Confidence distributions from likelihoods by median bias correction

TL;DR

This paper introduces a new method for constructing accurate confidence distributions using median bias correction and tail-symmetric confidence curves, offering higher-order accuracy in scalar parameter inference.

Contribution

It proposes a novel approach based on inversion of the log-likelihood ratio at the median MLE, achieving third-order accuracy for confidence distributions.

Findings

Provides third-order accurate confidence intervals via median bias correction.

Shows the method yields exact confidence distributions in regular models.
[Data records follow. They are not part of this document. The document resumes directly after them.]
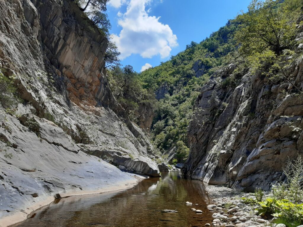 Наредниот ден еден црн штрк прелета ниско над нашите глави и ни претскажа дека ќе ни се отвори ксметот. Веднаш штом поминавме на другата страна од сртот, го чувме жуборот на втората река. Охрабрени од звукот, и од убавините што се раскриваа пред нашите очи, слеговме брзо до реката и најпосле се избањавме во бистри планински води. Повторно на вистински пат, тргнавме спротивно на течението, занемени од погледот на скалите што како сронети кули се извисуваа над зеленилото. По кратко време стигнавме до вливот на една притока, која ја цепеше карпата како со секира, формирајки неверојатно тесен мал кањон. Се испентаривме внатре восхитени дека во најтесните делови, растојанието меѓу каменестите стени беше едвај распонот на нашите раце. Стигнавме до мал но висок водопад кој капеше врз минијатурна џунгла од папрат и мов.
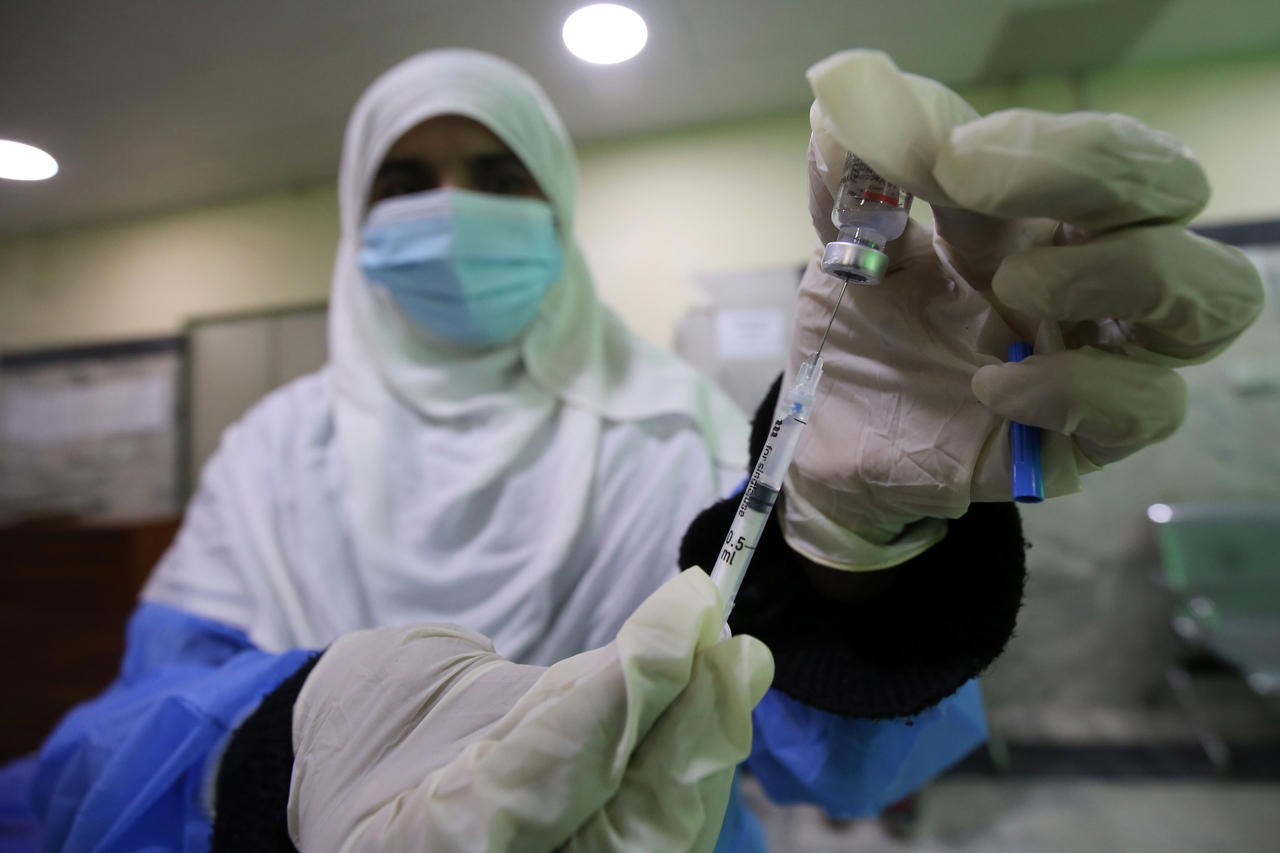 A health worker prepares to administer a dose of Covid-19 booster in Peshawar, Pakistan, on Jan 7, 2022.
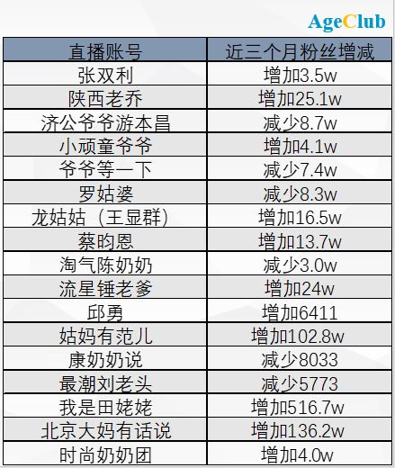 伴随内容同质化而来的,是“增粉”的不稳定。据AgeClub不完全统计,近三个月,这些中老年网红IP账号中,有6个在持续掉粉。
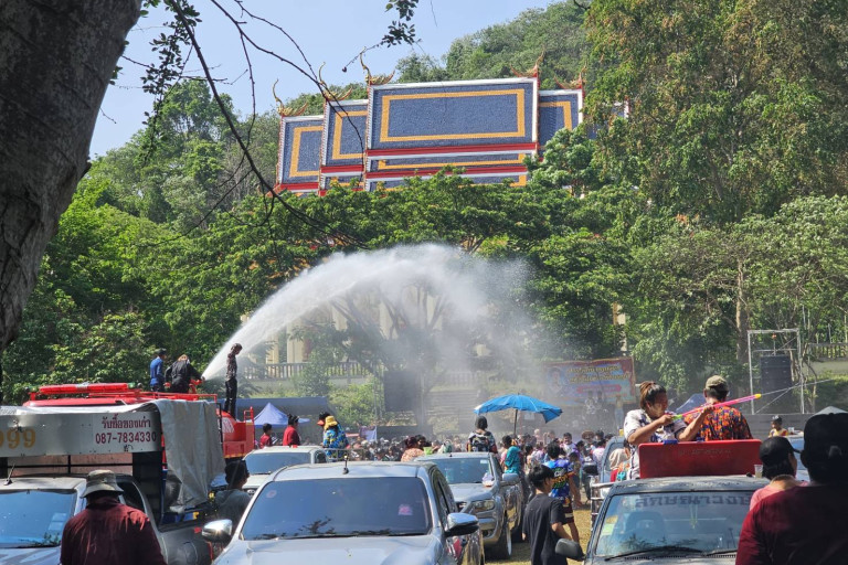 วันที่ 15 เม.ย.67 ผู้สื่อข่าวรายงานว่า บรรยากาศการเล่นสงกรานต์ใน อ. สัตหีบวันนี้ เป็นวันไหลของวัดเขาบายศรี ตำบลพลูตาหลวง อำเภอสัตหีบ จังหวัดชลบุรี ซึ่งมีประชาชนมาร่วมสรงน้ำพระ-ผู้สูงอายุตามประเพณี และเล่นน้ำจำนวนมาก
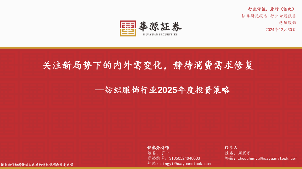 【华源证券】【20241230】纺织服饰行业2025年度投资策略:关注新局势下的内外需变化,静待消费需求修复-23页
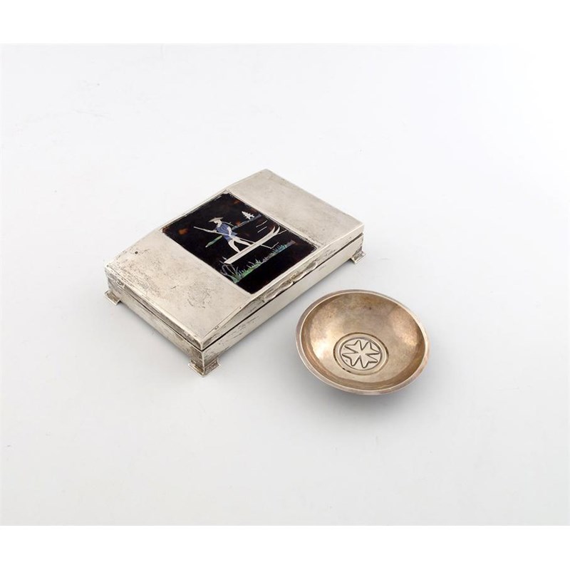 rectangular form, the hinged cover applied with an tortoiseshell plaque inlaid with a silver and abalone shell scene of an oriental man in a boat, plus a Maltese silver dish. (2)
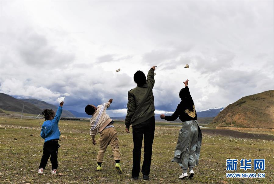 坚热益西(右二)在牧区和弟弟妹妹一起放飞纸飞机(7月13日摄)。新华社记者普布扎西摄

Offers an alternative second-order approximation in exponential families.

Abstract

By the modified directed likelihood, higher order accurate confidence limits for a scalar parameter are obtained from the likelihood. They are conveniently described in terms of a confidence distribution, that is a sample dependent distribution function on the parameter space. In this paper we explore a different route to accurate confidence limits via tail-symmetric confidence curves, that is curves that describe equal tailed intervals at any level. Instead of modifying the directed likelihood, we consider inversion of the log-likelihood ratio when evaluated at the median of the maximum likelihood estimator. This is shown to provide equal tailed intervals, and thus an exact confidence distribution, to the third-order of approximation in regular one-dimensional models. Median bias correction also provides an alternative approximation to the modified directed likelihood which holds up to the second order in exponential families.